Intervention de Seybah Dagoma

Réunion du 29 mai 2013 à 9h45
Commission des affaires étrangères

Photo issue du site de l'Assemblée nationale ou de WikipediaSeybah Dagoma, rapporteure :

Je remercie l'ensemble des intervenants. Monsieur Giacobbi, nous ne sommes pas en Corée du Nord ! Nous ne sommes pas hostiles aux échanges mondiaux. Nous considérons simplement qu'ils doivent être justes et la situation actuelle ne nous paraît pas satisfaisante.

Les accords commerciaux sont normalement votés à la majorité qualifiée au sein de l'Union. Mais comme cet accord transatlantique touche aux aspects commerciaux de la propriété intellectuelle et aux investissements directs, il semblerait qu'une décision à l'unanimité soit requise. La question est en débat. De toute façon, comment pourrait-on avancer si la France d'emblée posait son veto ?

Nous demandons dans ce projet de résolution que soit adoptée la procédure de fast track – je vous prie d'excuser cette expression anglo-saxonne, monsieur Dufau –, qui habilite le président des États-Unis à négocier l'accord, le Congrès, qui a compétence en matière de commerce international, ne pouvant ensuite que l'approuver ou le refuser, sans pouvoir l'amender.

Je ne partage pas le point de vue selon lequel, au motif que le libre-échange est critiquable, mieux vaudrait pratiquer la politique de la chaise vide. Il faut entrer dans la négociation et y défendre nos intérêts. J'entends bien l'argument selon lequel les États-Unis ne vont pas réformer leur Constitution pour conclure un accord de libre-échange. Mais si aucune réciprocité n'est possible, il faudra être dur. Telle est en tout cas ma position.

Je ne reviens pas sur le recours à l'arbitrage. Il doit absolument être exclu du mandat de négociation.

Comment cet accord s'inscrit-il dans le contexte mondial ? Les parlementaires américains que nous avons rencontrés ne nous ont pas caché que leur priorité était l'accord transpacifique, auquel seront parties tous les États de la zone, sauf la Chine. Or, le déficit commercial des États-Unis vis-à-vis de la Chine s'élève à 315 milliards de dollars. Nous avons, pour notre part, un accord de libre-échange en négociation avec le Japon, partie prenante à l'accord transpacifique. Le Japon se trouvera donc en quelque sorte en position d'arbitre.

Je ne partage pas du tout l'avis de M. Lellouche selon lequel tout devrait être mis sur la table des négociations, y compris le secteur de la défense. Il doit absolument en être exclu.

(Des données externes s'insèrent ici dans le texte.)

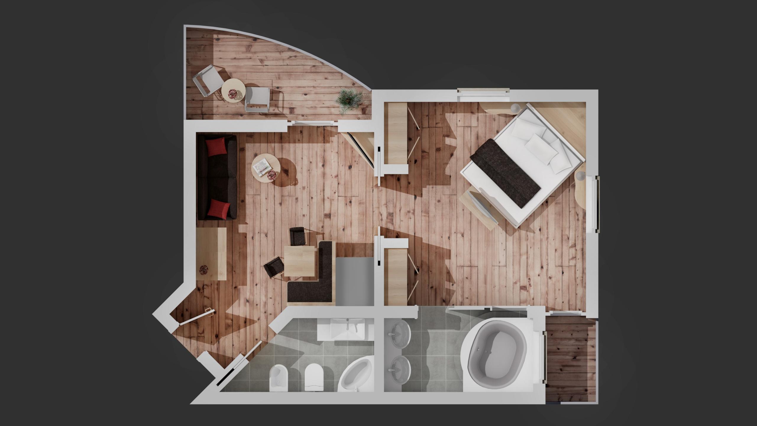 Suite mit Holzboden, zwei Balkonen und separatem Wohnraum, Badezimmer mit Dusche, WC, Doppelwaschbecken und Badezimmer mit Whirlbadewanne, Föhn, Telefon, Sitzecke, Safe, Minibar, LCD-TV, Kachelofen, WLAN, Tiefgaragenplatz.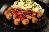 Klopsiki Lihapullat z tłuczonymi ziemniakami i dżemem borówkowym zbliżenie w talerzu na stole. Horyzonta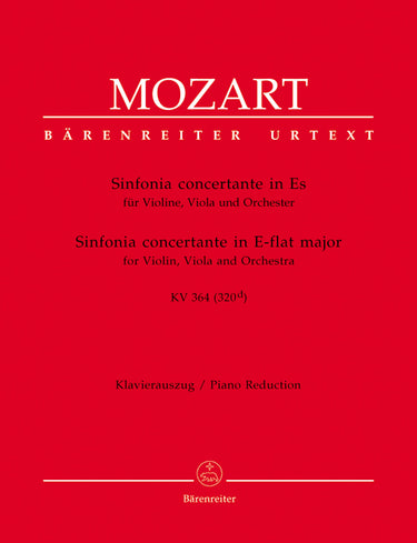 **Title**: Sinfonia concertante for Violin, Viola and Orchestra in E-flat major K. 364 (320d) | **Composer / Author**: Mozart, Wolfgang Amadeus | **Arranger**: Töpel, Michael | **Editor**: Mahling, Christoph-Hellmut | **Edition Type**: Piano reduction, Part, Urtext edition | **Instrumentation**: Violin, Viola, Orchestra | **Scoring/ Instrumentation**: Violin, Viola, Piano | **Binding**: Stapled | **Duration**: 00:25:00 | **Printing**: 11th printing 2022 | **Weight**: 396.0 g | **Format**: 31,0 x 24,3 cm | **Pages**: 47/16/16/16 S. | **Language**: EN | Sample: https://data.baerenreiter.com/NB/BA/BA04900_90_9790006460250_nb_lrg_01.jpg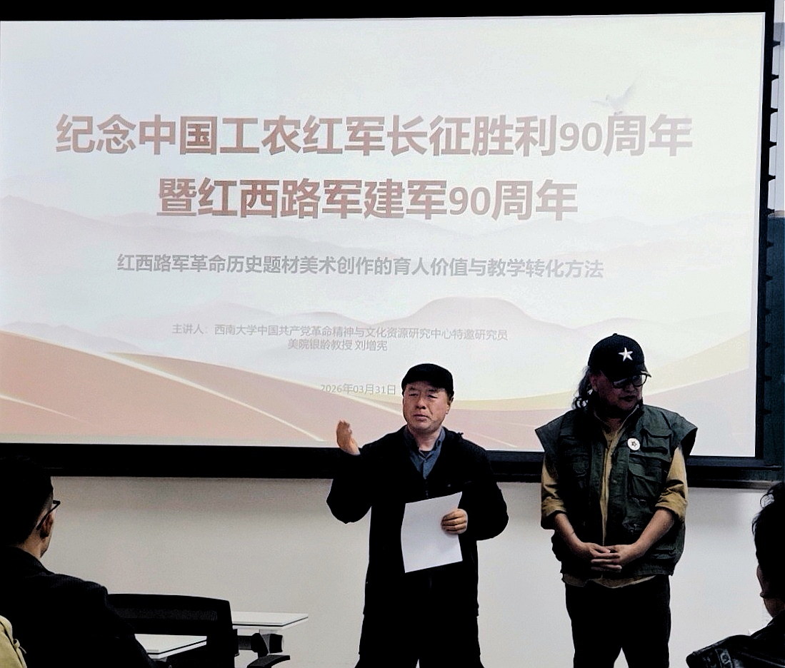 3月底,美术与设计学院银龄教授刘增宪代表学院参加由河西学院美术学院主办的课程思政建设教学研讨会。应邀出席会议的还有西南大学美术学院、山东师范大学等有关人员。各院校就依托红色资源,开展沉浸式教学实践活动,让红色基因融入艺术育人全过程进行互相交流。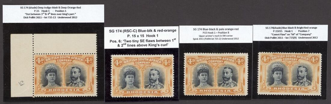 4d. blue-black and red-orange, hook headplate, four mint plated examples comprising [1] upper left mint example, [6], [7] and [8]; fine mint. S.G. 174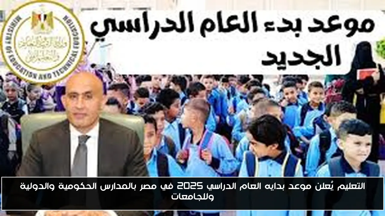 التعليم يُعلن موعد بدايه العام الدراسي 2025 في مصر بالمدارس الحكومية والدولية وللجامعات
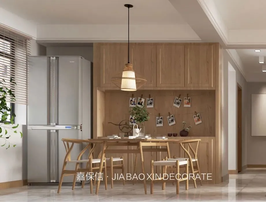餐厅延续着温暖的原木色调,营造出宁静而舒适的氛围。餐边柜与桌椅皆以原木打造,线条利落,形态轻盈,勾勒出日式家居的极简轮廓。一盏竹编吊灯悬于餐桌上方,洒下柔和光线,为每一餐时光增添了氛围感。家人围坐,灯光温柔,在简单日常中,悄然映照出属于家的温情与诗意。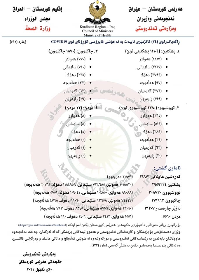 تەندروستی هەرێم ئاماری ئەمڕۆی کۆرۆنای بڵاوکردەوە

Lors de nos auditions, nous avons rencontré les représentants des PME, notamment la CGPME. Ils nous ont exposé les problèmes structurels qu'ils rencontrent pour exporter et ont insisté sur le coût que représentent les barrières non tarifaires, notamment les procédures administratives.

Monsieur Giacobbi, si j'ai qualifiée de « réducteurs » les modèles sur lesquels se fondent les études d'impact, c'est que seulement vingt secteurs ont été décrits et que le monde y a été divisé en onze zones. Quant aux « présupposés libéraux » de ces études, c'est que la concurrence y est supposée « pure et parfaite » et que la question des inégalités de revenus comme celle de la répartition des gains éventuels du libre-échange y sont totalement ignorées.

La traçabilité est un sujet important. Pour l'alimentation, notre système repose sur une traçabilité et des contrôles « de la fourche à la fourchette ». Le système américain est totalement différent : on s'y moque de l'étape de la production mais à l'autre bout de la chaîne, on décontamine à l'eau de Javel. Nos conceptions sont radicalement opposées. Il faudra tenir bon sur les nôtres.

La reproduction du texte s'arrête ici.